The else clock is running. The six-party talks in East Asia to contain Pyongyang are a sham. The European Union talks in Geneva to contain Tehran are a sham. The U.N. Security Council talks in New York to contain the nuclear weapons proliferators are a sham. The only confab to wait out is the Congressional elections. After that, and regardless of how much noise the appeasers make in the House of Representatives, the fleet sails to defend America and enforce civilization.
Over the past two days I've read twice through Wikipedia's entry about Nuclear Artillery. I am reluctant to give too much weight to Wikipedia. There's no good reason, however, to doubt the accuracy of this particular entry. This stuff about nuclear artillery kept bothering me and what eventually came to mind was the old joke about the two buddies who were camping together. They exited their tent one morning to find a grizzly bear rumaging around. One of them calmly sat down and laced up his sneakers upon which the other commented,
"You don't think you can outrun that bear, do you?"
The answer was, "Of course not. But I don't have to outrun the bear. I just need to outrun you."
On one level nothing more than a little joke about paying attention to the problem one needs to solve and focusing on that rather than what might seem the more obvious problem.
When thinking about nuclear weapons and explosions we tend to see the grizzly bear; mutually assured destruction, entire cities wiped out by ICBMs. Nuclear winters. The end of days. Military thinkers, on the other hand, think about their potential enemies, terrain, logistics, strategy, and tactics. There were reasons, and probably quite good ones, that they developed nuclear artillery shells. And other reasons, again probably quite good ones, that they eventually removed them from inventory.
When reading the Wikipedia article one can see the rather boring and seemingly uninteresting development of various forms of nuclear artillery rounds from 280mm (11 inch diameter), nearly 5 ft. long, 1,000 lb. monsters with yields of several kiltotons of TNT down through smaller sizes, just a few hundred lbs, sub-100 ton yields and ultimately weapons that weighed less than a hundred pounds and yielded as little as 10 tons.

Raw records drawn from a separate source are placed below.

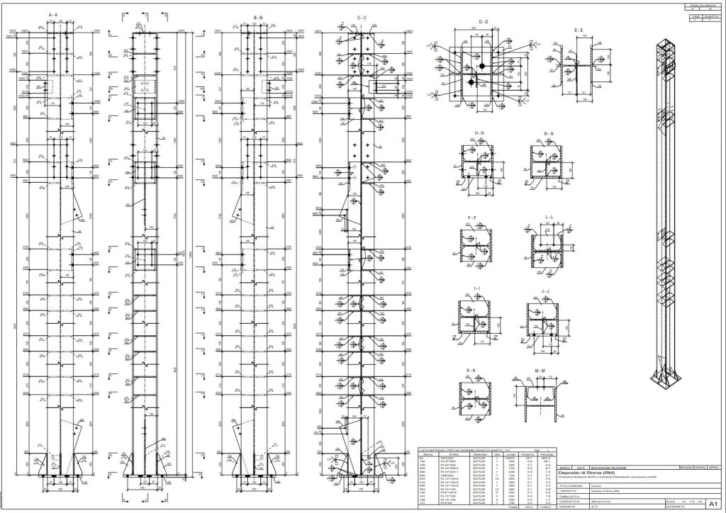 In tempi serrati abbiamo ricostruito il modello e dettagliato la struttura per arrivare a elaborati esecutivi “da officina”: assiemi, particolari, forature, piastre, saldature, tolleranze, oltre a distinte materiali e riepiloghi utili a taglio e fabbricazione.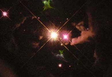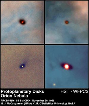 Les couches externes de la géante (composées d'hydrogène) peuvent être attirées par la naine et former autour d'elle un disque d'accrétion (voir photo ci-contre). Lorsque la densité de ce nuage est suffisamment importante et à cause des forces de friction interne, le gaz s'échauffe jusqu'au niveau de déclenchement des réactions de fusion de l'hydrogène. Une formidable explosion se produit à la surface de la naine blanche et peut multiplier par 10 000 (ou plus) sa luminosité. La naine blanche n'est que très peu affectée du fait de sa structure particulière. Après cette explosion, les couches d'hydrogène sont expulsées dans l'espace et une nouveau cycle d'accrétion pourra recommencer.... |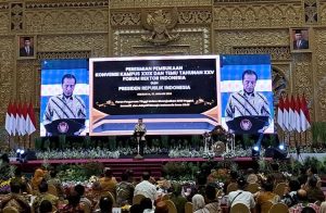 Presiden Jokowi saat membuka Konvensi Kampus XXIX dan Temu Tahunan XXV Forum Rektor Indonesia di Universitas Negeri Surabaya, Jawa Timur, Senin (15/1/2024)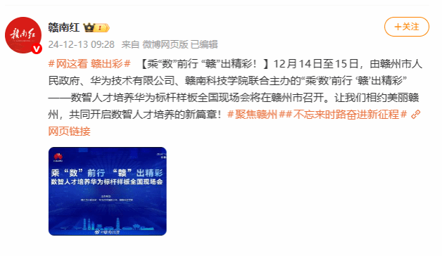【乘“数”前行 “赣”出精彩!】12月14日至15日,由赣州市人民政府、华为技术有限公司、赣南科技学院联合主办的“乘‘数’前行 ‘赣’出精彩”——数智人才培养华为标杆样板全国现场会将在赣州市召开。让我们相约美丽赣州,共同开启数智人才培养的新篇章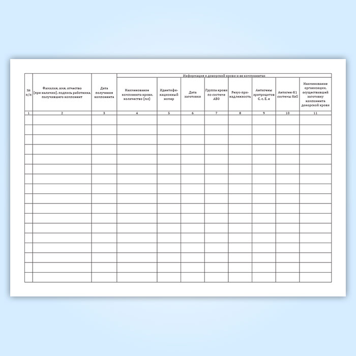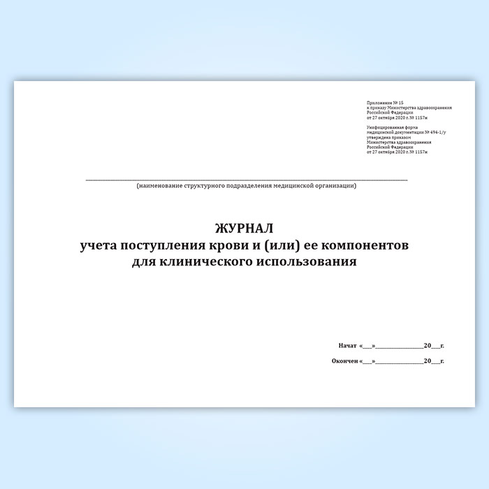 Журнал учета поступления крови и (или) ее компонентов для клинического использования (форма № 494-1/у) в Обнинске купить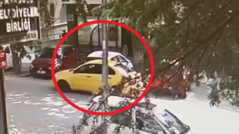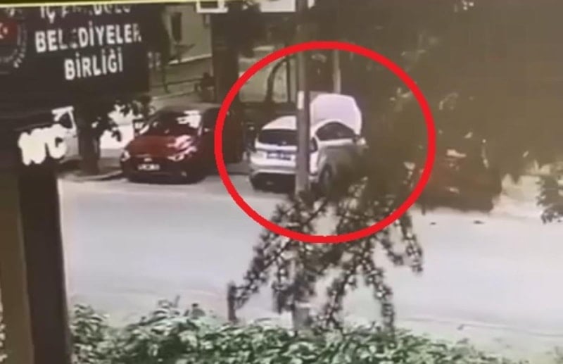 Yakındaki bir derneğe ait güvenlik kamerasına yansıyan görüntüde, tamirci olarak tanıtan kişinin otomobilinin yanına yaklaşıp, çamurluk kısmına eğilerek bir parça söktüğünü fark etti.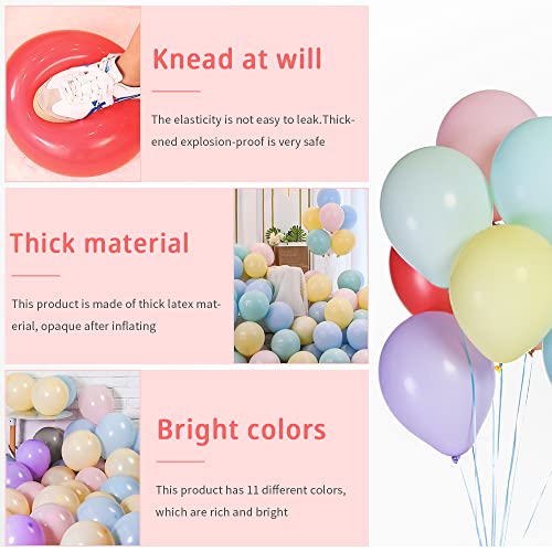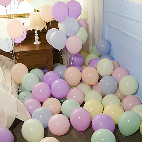 1.【Palloncini Macaron Pastello】Circa 90 palloncini macaron pastello grandi, 10 tipi di colori (Colore casuale),Le tue decorazioni ideali per feste Macaron.
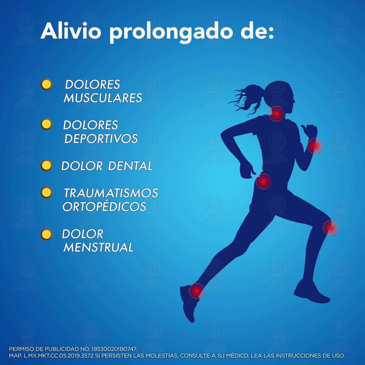Siente el alivio del dolor y la inflamación. Antiinflamatorio con efecto analgésico que ayuda a eliminar el dolor muscular, de espalda, cuello, piernas y hombros a causa de golpes, torceduras, esguinces y mala postura (Naproxeno)
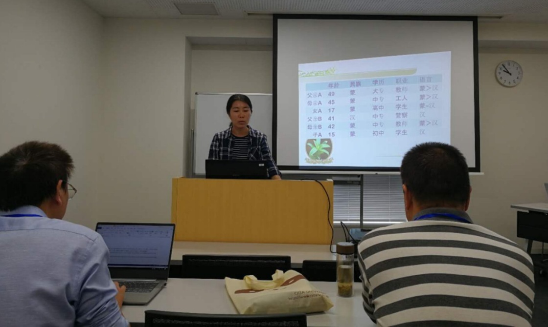 王跃平博士生报告了《语言选择的多维视角——以蒙古族中员工语言使用状况为例》,以社会语言学理论为出发点,通过实证研究,描写分析了语言选择的条件、成因、类型、特征及结果。

I suppose it should be noted that was not limited to "artillery". There were also "mines" known as SADMs (Special Atomic Demolition Munition). The Soviets also engaged in developing these sorts of nukes. And, IIRC, both sides almost certainly developed nuclear torpedos and such.
The point is that these were all tactical weapons. Miniter would seem to have us believe that something which can't be fit into a suitcase and thunked down onto the scale at the airline counter is not "portable". We needn't worry, I suppose, about a terrorist hopping aboard a commercial airliner with a suitcase nuke. OK. But....
Things that weigh 100 - 1,000 pounds might not be suitable for packaging up as luggage but they can be quite portable. There's nary a landscaper alive who can't haul 1,000 lbs a reasonable distance. All you need is lift and a half-ton pickemup. Get yerself a forklift and a small flatbed or dumper and heck, they're small, take two. Something weighing 200 lbs can be manhandled into all but the tiniest autos by two men and a little boy. I don't find the idea that it twarn't no suitcase nuke the Norks fired up all that comforting.
Batchelor tells us that the Persians, via the Norks, have amply demonstrated both the missile technology and sufficiently small warhead to have created a strategic deterent. Perhaps.
But still.... this idea of nuclear artillery and mines and torpedos - tactical weapons - keeps bothering me. It started when I finally read, instead of scanning, the following:
Other developments also continued. In 1958 a fusion warhead was developed and tested, the UCRL Swift. It was 622 mm long, 127 mm diameter, and weighed 43.5 kg. At its test it yielded only 190 tons; it failed to achieve fusion and only the initial fission explosion worked correctly.The UCRL Swift was a dud. It fizzled. It was supposed to use a fission explosion to achieve the desired fusion explosion. No fusion, just fission. A fizzling dud.
Next I noticed this:
The Mk-54 Davy Crockett... [w]eighing only 23 kg, the warhead in its casing was 400 mm by 273 mm... yielded 10 tons, but later developments increased that to 1 kt... The warhead was also adapted for the Mk-54 SADM (Special Atomic Demolition Munition), a cylinder 40 cm by 60 cm and weighing 68 kg. Fired by a mechanical timer, it had a variable yield from 10 tons up to 1 kt. (emphasis mine)That was the late 50's and early 60's. Mechanical timers... variable yield...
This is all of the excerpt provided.